WHAT IS NEEDED —
Reproduce the following data exactly, minus any images.

==============================

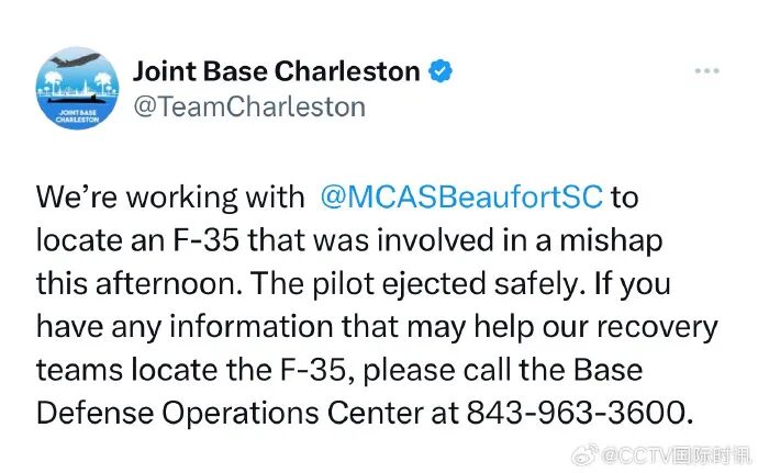 据@CCTV国际时讯消息 据美国军方证实,当地时间9月17日下午,在美国南卡罗来纳州北查尔斯顿地区,美国海军陆战队一架F-35B“闪电Ⅱ”型战机因“发生事故”坠毁。
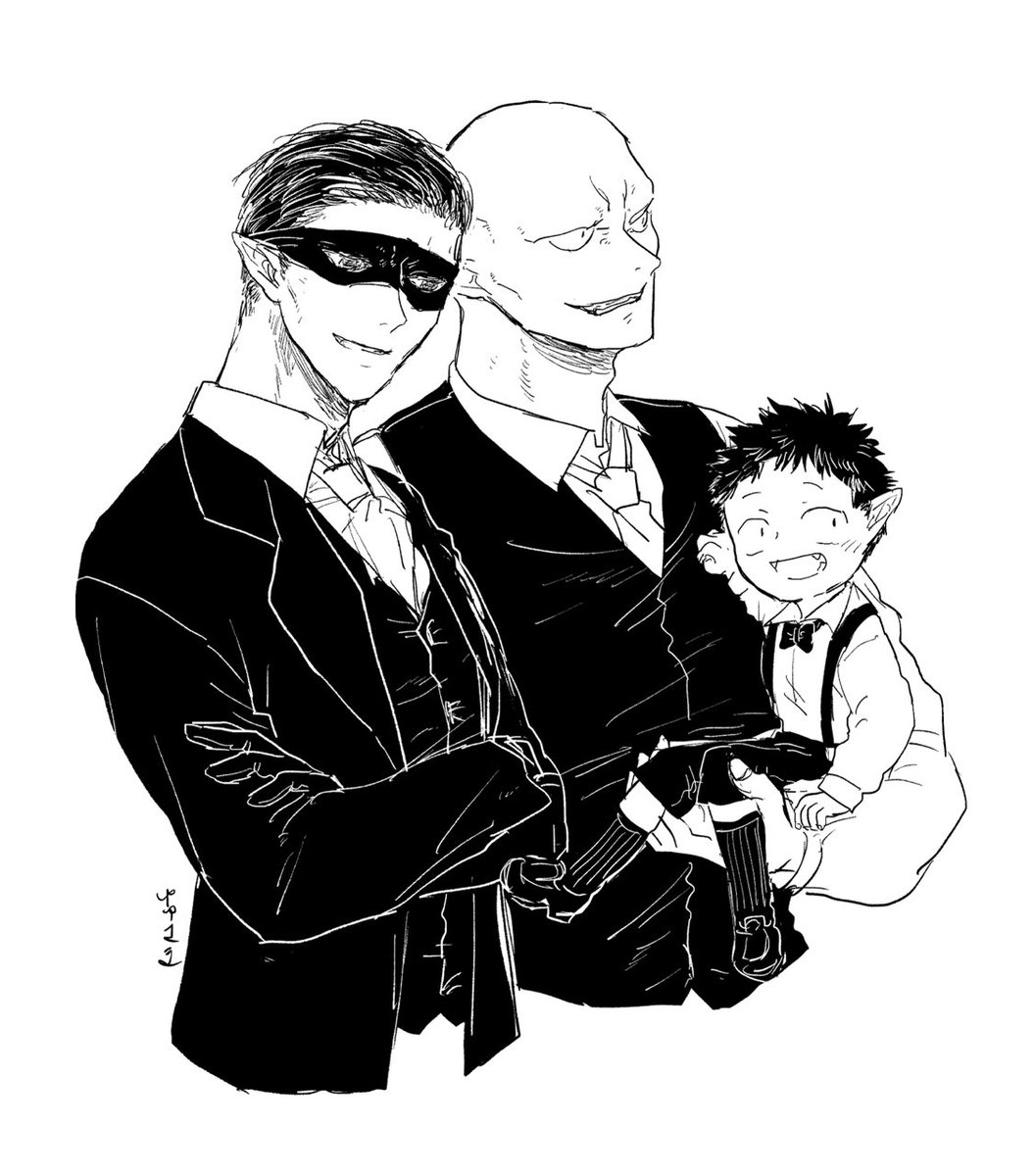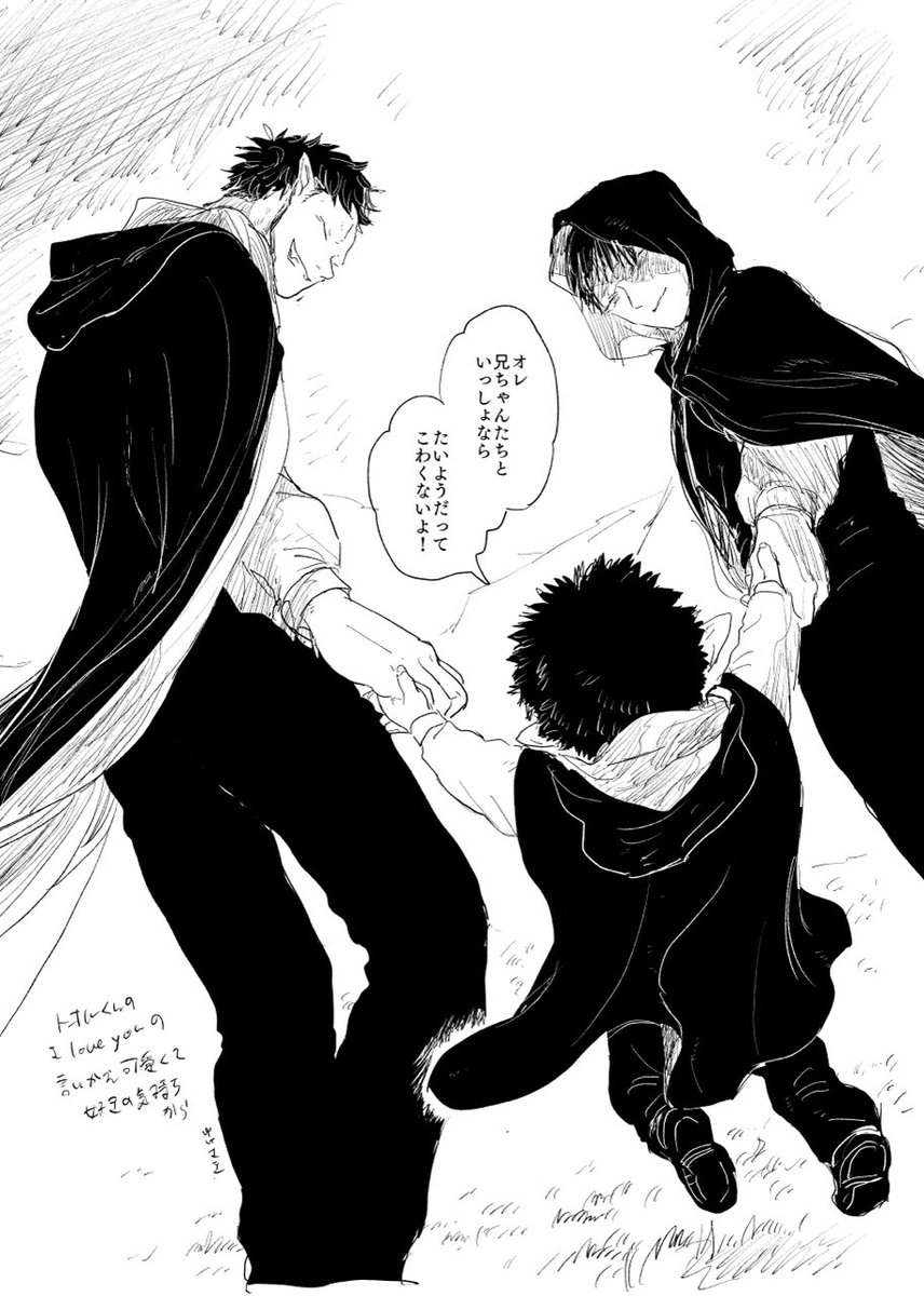 31 199 19巻の三兄弟回のアイラブユー翻訳のやつを、更に言い換えた?感じというか、👻くんのと✊兄のでふわっと浮かんだので描いた感じというか、せっかくなら👙ちゃんも…って思ったけど難しかった 22/11/20 08:21
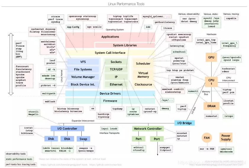 首选,我们来看一下大名鼎鼎的「性能工具(Linux Performance Tools-full)图」,想必很多工程师都知道,它出自系统性能专家 Brendan Gregg。该图从 Linux 内核的各个子系统出发,列出了我们在对各个子系统进行性能分析时,可使用的工具,涵盖了监测、分析、调优等性能优化的方方面面。除了这张全景图之外,Brendan Gregg 还单独提供了基准测试工具(Linux Performance Benchmark Tools)图、性能监测工具(Linux Performance Observability Tools)图等,更详细的内容请参考 Brendan Gregg 的网站说明。
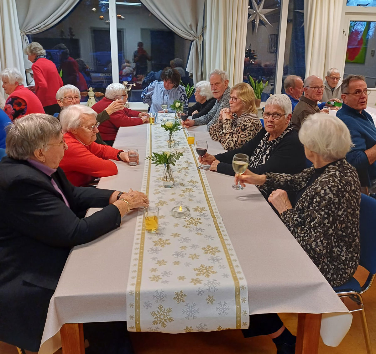 Donderdagmiddag 18 december was de grote zaal van de Poele in IJhorst gevuld met vrolijk stemde gasten. Aan mooi gedekte tafels genoten de bezoekers van lekkernijen en vooral van elkaars gezelschap
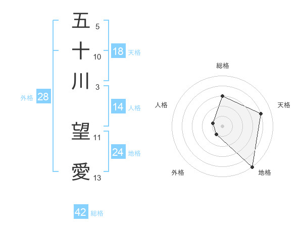 五十川 望愛さんを姓名の画数から五運を鑑定
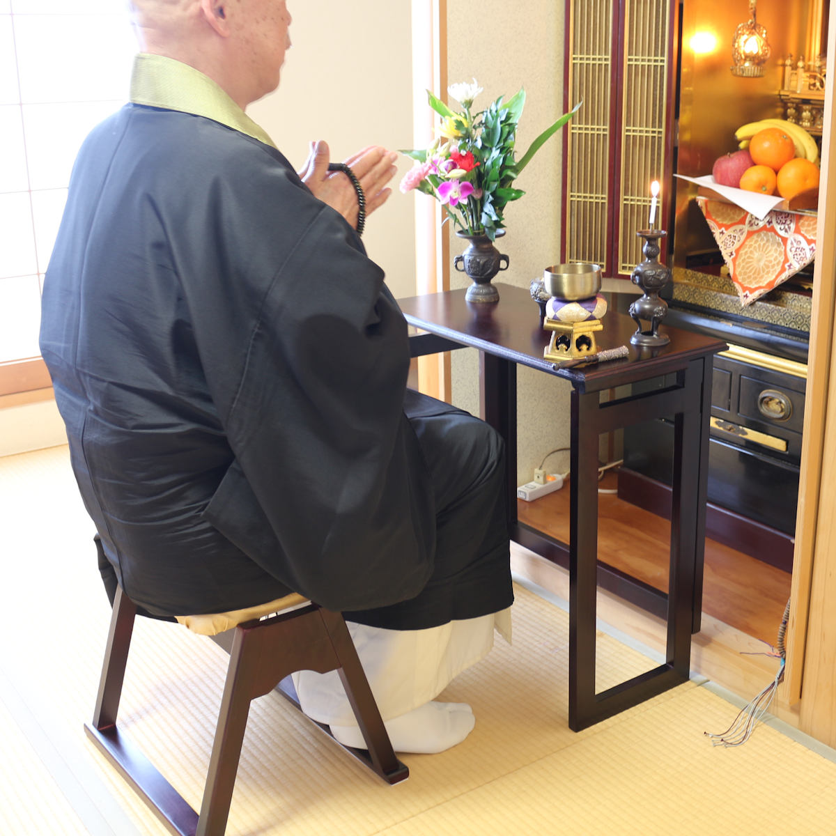 座面高さ37.5cmの椅子は、ロータイプの仏具台にもハイタイプの仏前机にも合わせてお使いいただけます。普段は玄関や寝室に置いておいて、ちょっと腰を掛けるのにも便利です。
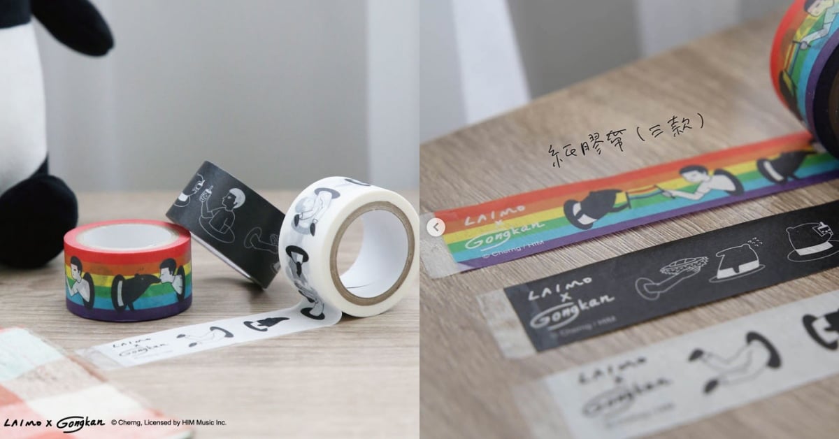 文具控也別急~這次聯名的周邊除了永遠搜集不完的筆記本、明信片之外,還有珍奶、打招呼與台灣同婚通過一大美事的紙膠帶,彩虹底色象徵性別平權的進步,拉開還可以看到來貘與Gongkan竟然偷偷在親親,實在太可愛啦~
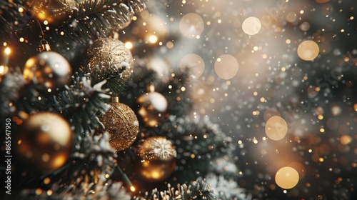 Christmas tree adorned with sparkling gold tinny ornaments Festive winter scene

==============================

SOLUTION TO THE PROBLEM —
 据@CCTV国际时讯消息 据美国军方证实,当地时间9月17日下午,在美国南卡罗来纳州北查尔斯顿地区,美国海军陆战队一架F-35B“闪电Ⅱ”型战机因“发生事故”坠毁。
 31 199 19巻の三兄弟回のアイラブユー翻訳のやつを、更に言い換えた?感じというか、👻くんのと✊兄のでふわっと浮かんだので描いた感じというか、せっかくなら👙ちゃんも…って思ったけど難しかった 22/11/20 08:21
 首选,我们来看一下大名鼎鼎的「性能工具(Linux Performance Tools-full)图」,想必很多工程师都知道,它出自系统性能专家 Brendan Gregg。该图从 Linux 内核的各个子系统出发,列出了我们在对各个子系统进行性能分析时,可使用的工具,涵盖了监测、分析、调优等性能优化的方方面面。除了这张全景图之外,Brendan Gregg 还单独提供了基准测试工具(Linux Performance Benchmark Tools)图、性能监测工具(Linux Performance Observability Tools)图等,更详细的内容请参考 Brendan Gregg 的网站说明。
 Donderdagmiddag 18 december was de grote zaal van de Poele in IJhorst gevuld met vrolijk stemde gasten. Aan mooi gedekte tafels genoten de bezoekers van lekkernijen en vooral van elkaars gezelschap
 五十川 望愛さんを姓名の画数から五運を鑑定
 座面高さ37.5cmの椅子は、ロータイプの仏具台にもハイタイプの仏前机にも合わせてお使いいただけます。普段は玄関や寝室に置いておいて、ちょっと腰を掛けるのにも便利です。
 文具控也別急~這次聯名的周邊除了永遠搜集不完的筆記本、明信片之外,還有珍奶、打招呼與台灣同婚通過一大美事的紙膠帶,彩虹底色象徵性別平權的進步,拉開還可以看到來貘與Gongkan竟然偷偷在親親,實在太可愛啦~
 Christmas tree adorned with sparkling gold tinny ornaments Festive winter scene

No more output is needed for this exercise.